#### INSTRUCTIONS FOR THE TASK:
From the line that includes "Slaapkamer met badkamer: tweepersoonsbed, WIFI" to the last line of the records that follow, copy every line exactly and nothing more, omitting pictures.

#### RECORDS SHOWN:
******

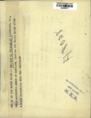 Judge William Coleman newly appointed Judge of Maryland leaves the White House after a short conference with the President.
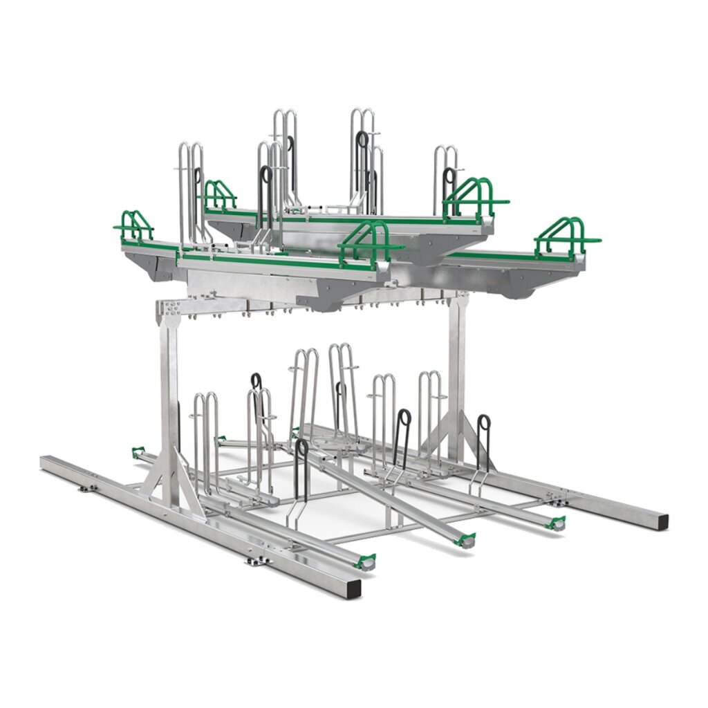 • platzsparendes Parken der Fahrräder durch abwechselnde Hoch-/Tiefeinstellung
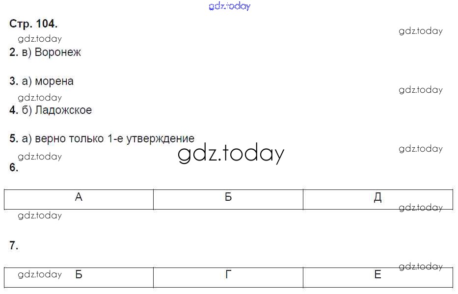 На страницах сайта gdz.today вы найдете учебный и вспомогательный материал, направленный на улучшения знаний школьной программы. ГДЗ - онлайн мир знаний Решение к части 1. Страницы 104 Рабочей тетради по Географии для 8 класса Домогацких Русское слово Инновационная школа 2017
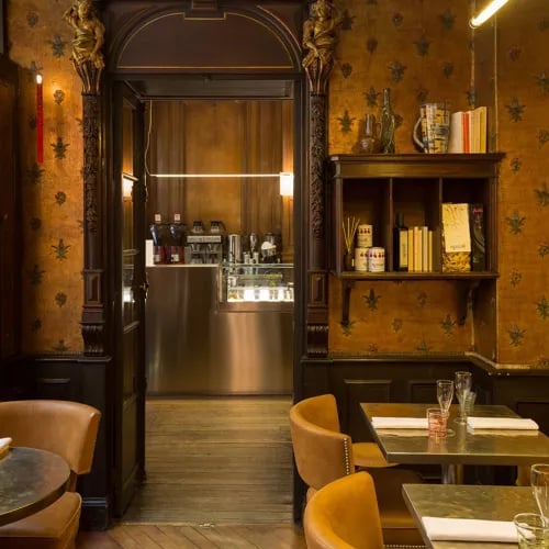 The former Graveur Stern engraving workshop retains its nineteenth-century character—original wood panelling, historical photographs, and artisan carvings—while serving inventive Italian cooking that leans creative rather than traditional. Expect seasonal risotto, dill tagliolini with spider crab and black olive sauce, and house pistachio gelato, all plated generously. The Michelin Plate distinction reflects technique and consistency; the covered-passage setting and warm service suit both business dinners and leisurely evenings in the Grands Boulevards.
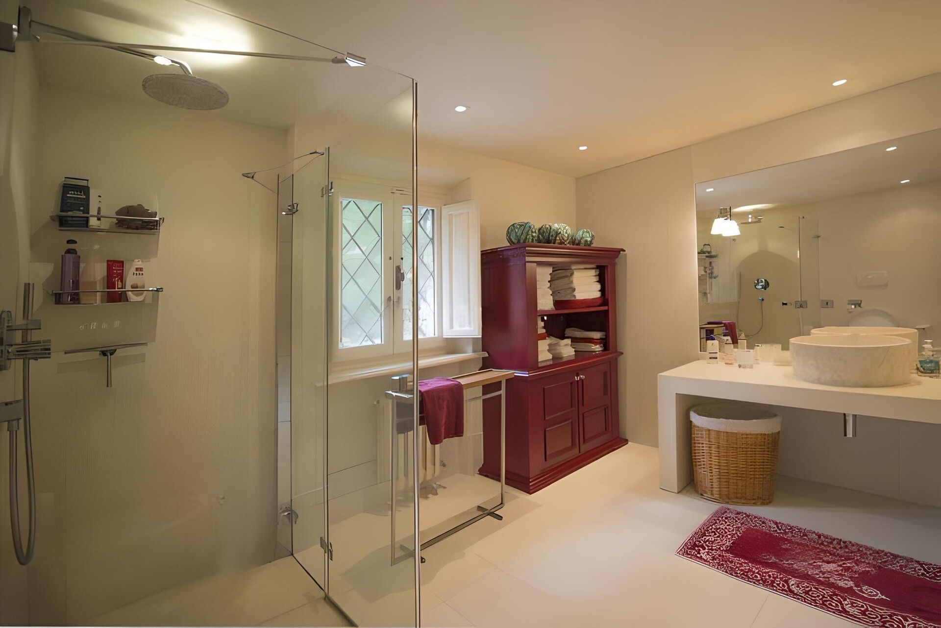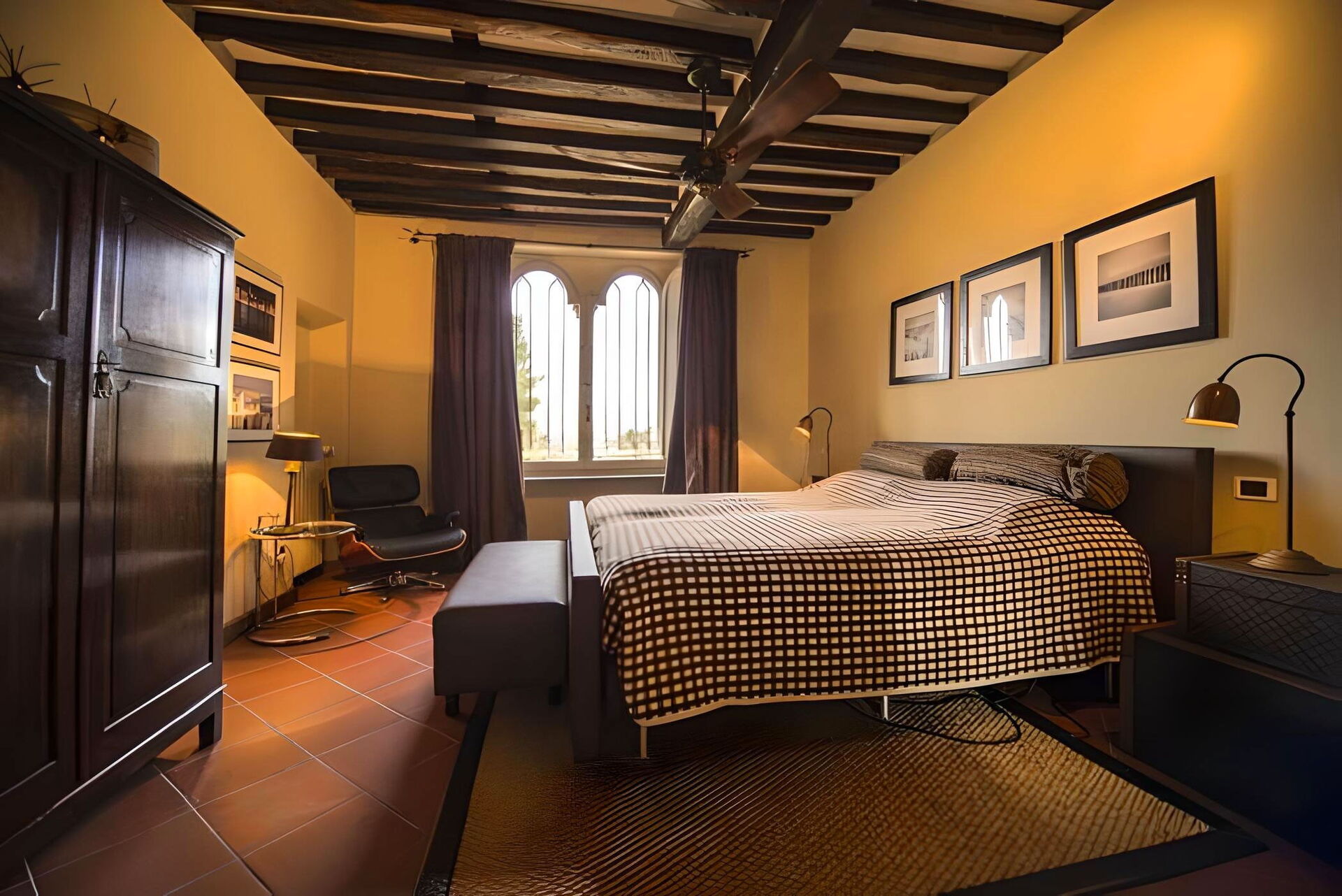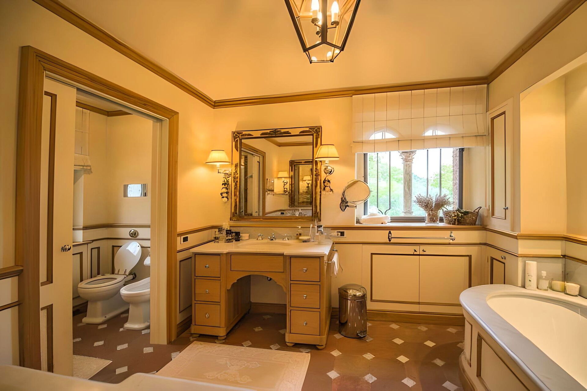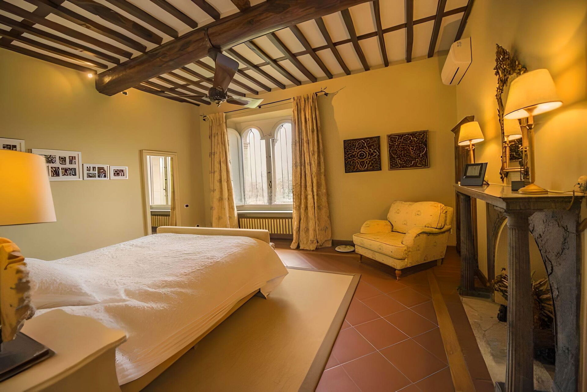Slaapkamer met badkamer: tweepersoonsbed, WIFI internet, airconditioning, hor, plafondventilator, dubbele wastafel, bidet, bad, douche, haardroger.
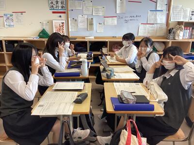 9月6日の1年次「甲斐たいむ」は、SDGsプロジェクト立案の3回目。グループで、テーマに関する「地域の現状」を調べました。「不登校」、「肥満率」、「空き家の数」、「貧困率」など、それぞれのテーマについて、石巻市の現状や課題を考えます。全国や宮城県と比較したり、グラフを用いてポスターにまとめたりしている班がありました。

******

#### WRITTEN ANSWER:
Slaapkamer met badkamer: tweepersoonsbed, WIFI internet, airconditioning, hor, plafondventilator, dubbele wastafel, bidet, bad, douche, haardroger.
 9月6日の1年次「甲斐たいむ」は、SDGsプロジェクト立案の3回目。グループで、テーマに関する「地域の現状」を調べました。「不登校」、「肥満率」、「空き家の数」、「貧困率」など、それぞれのテーマについて、石巻市の現状や課題を考えます。全国や宮城県と比較したり、グラフを用いてポスターにまとめたりしている班がありました。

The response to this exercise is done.